Material for the task:
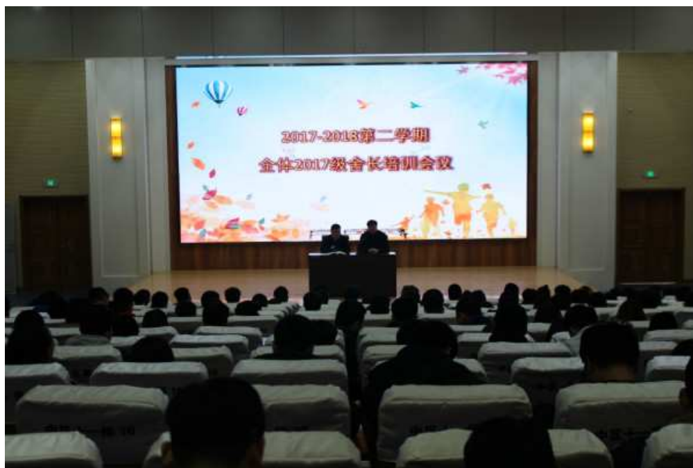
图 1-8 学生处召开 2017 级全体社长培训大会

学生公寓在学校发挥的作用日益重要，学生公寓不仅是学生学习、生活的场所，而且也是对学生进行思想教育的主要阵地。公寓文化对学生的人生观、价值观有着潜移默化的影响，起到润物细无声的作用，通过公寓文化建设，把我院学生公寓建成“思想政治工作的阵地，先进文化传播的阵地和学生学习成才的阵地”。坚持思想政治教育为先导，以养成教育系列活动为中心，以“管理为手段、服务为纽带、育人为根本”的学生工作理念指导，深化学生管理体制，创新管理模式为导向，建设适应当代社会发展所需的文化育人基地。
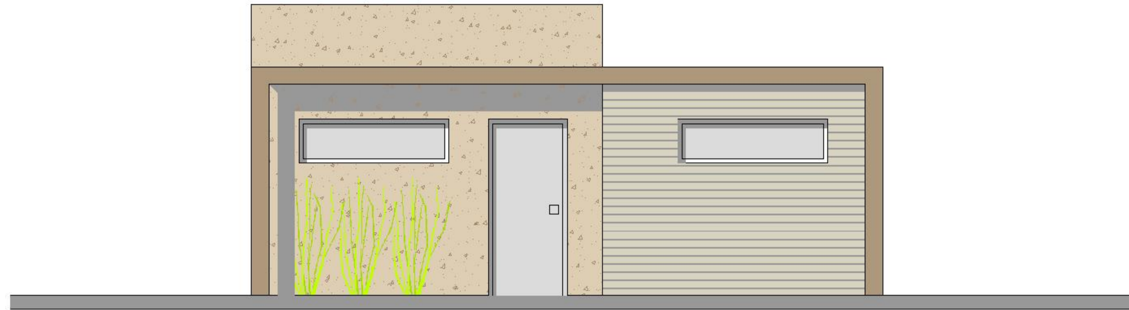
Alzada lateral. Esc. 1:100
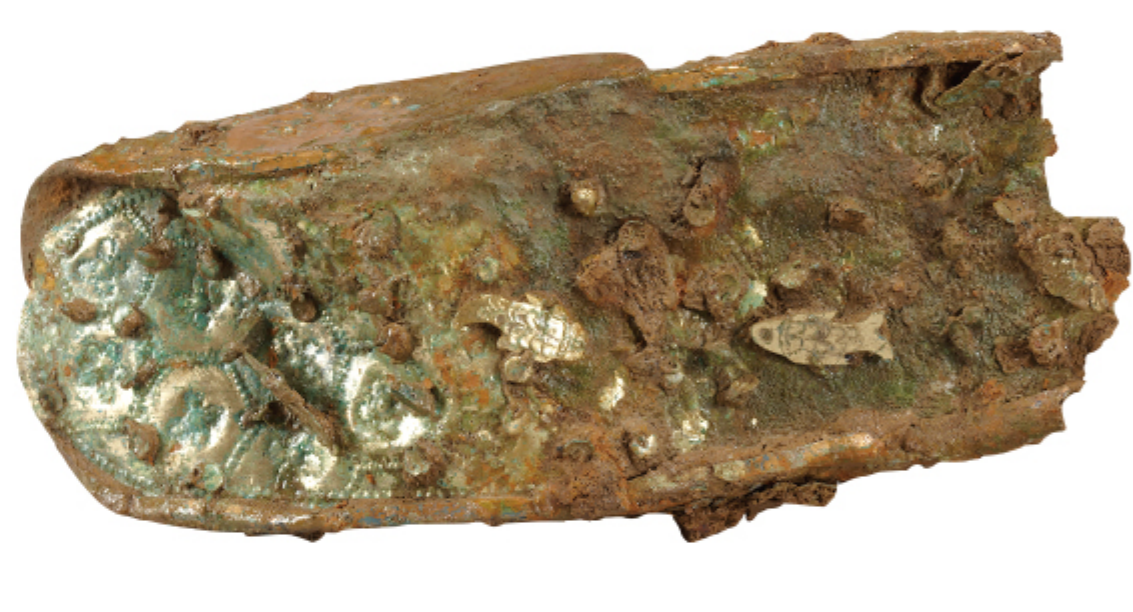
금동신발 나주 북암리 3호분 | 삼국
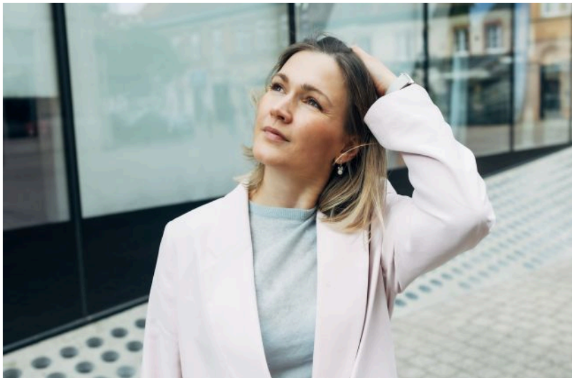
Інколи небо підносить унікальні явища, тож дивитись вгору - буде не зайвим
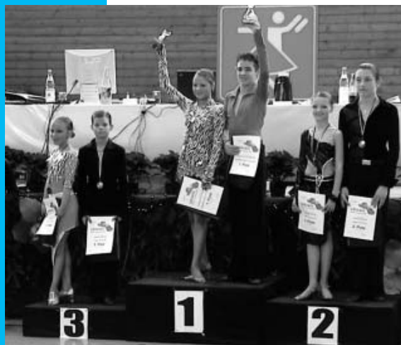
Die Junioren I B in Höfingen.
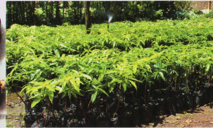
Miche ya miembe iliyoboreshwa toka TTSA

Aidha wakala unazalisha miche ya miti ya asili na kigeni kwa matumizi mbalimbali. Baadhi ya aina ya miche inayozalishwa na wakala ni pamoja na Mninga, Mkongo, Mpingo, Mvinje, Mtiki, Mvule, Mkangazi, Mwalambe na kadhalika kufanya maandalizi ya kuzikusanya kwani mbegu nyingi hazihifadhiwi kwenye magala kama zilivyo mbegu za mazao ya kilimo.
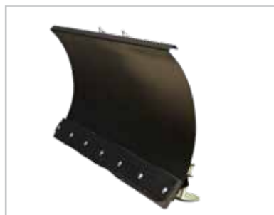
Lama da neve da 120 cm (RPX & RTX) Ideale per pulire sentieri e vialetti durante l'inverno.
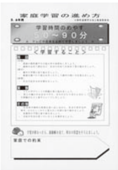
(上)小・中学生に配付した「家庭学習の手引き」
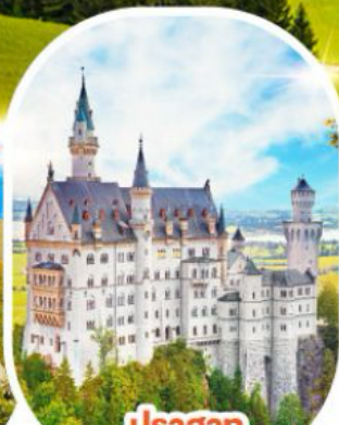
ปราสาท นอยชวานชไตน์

Work required: Print exactly what appears from the first line of the listing above down to the line containing "Miche ya miembe iliyoboreshwa toka TTSA", inclusive, and leave out all pictures.

Expected answer:
图 1-8 学生处召开 2017 级全体社长培训大会

学生公寓在学校发挥的作用日益重要，学生公寓不仅是学生学习、生活的场所，而且也是对学生进行思想教育的主要阵地。公寓文化对学生的人生观、价值观有着潜移默化的影响，起到润物细无声的作用，通过公寓文化建设，把我院学生公寓建成“思想政治工作的阵地，先进文化传播的阵地和学生学习成才的阵地”。坚持思想政治教育为先导，以养成教育系列活动为中心，以“管理为手段、服务为纽带、育人为根本”的学生工作理念指导，深化学生管理体制，创新管理模式为导向，建设适应当代社会发展所需的文化育人基地。
Alzada lateral. Esc. 1:100
금동신발 나주 북암리 3호분 | 삼국
Інколи небо підносить унікальні явища, тож дивитись вгору - буде не зайвим
Die Junioren I B in Höfingen.
Miche ya miembe iliyoboreshwa toka TTSA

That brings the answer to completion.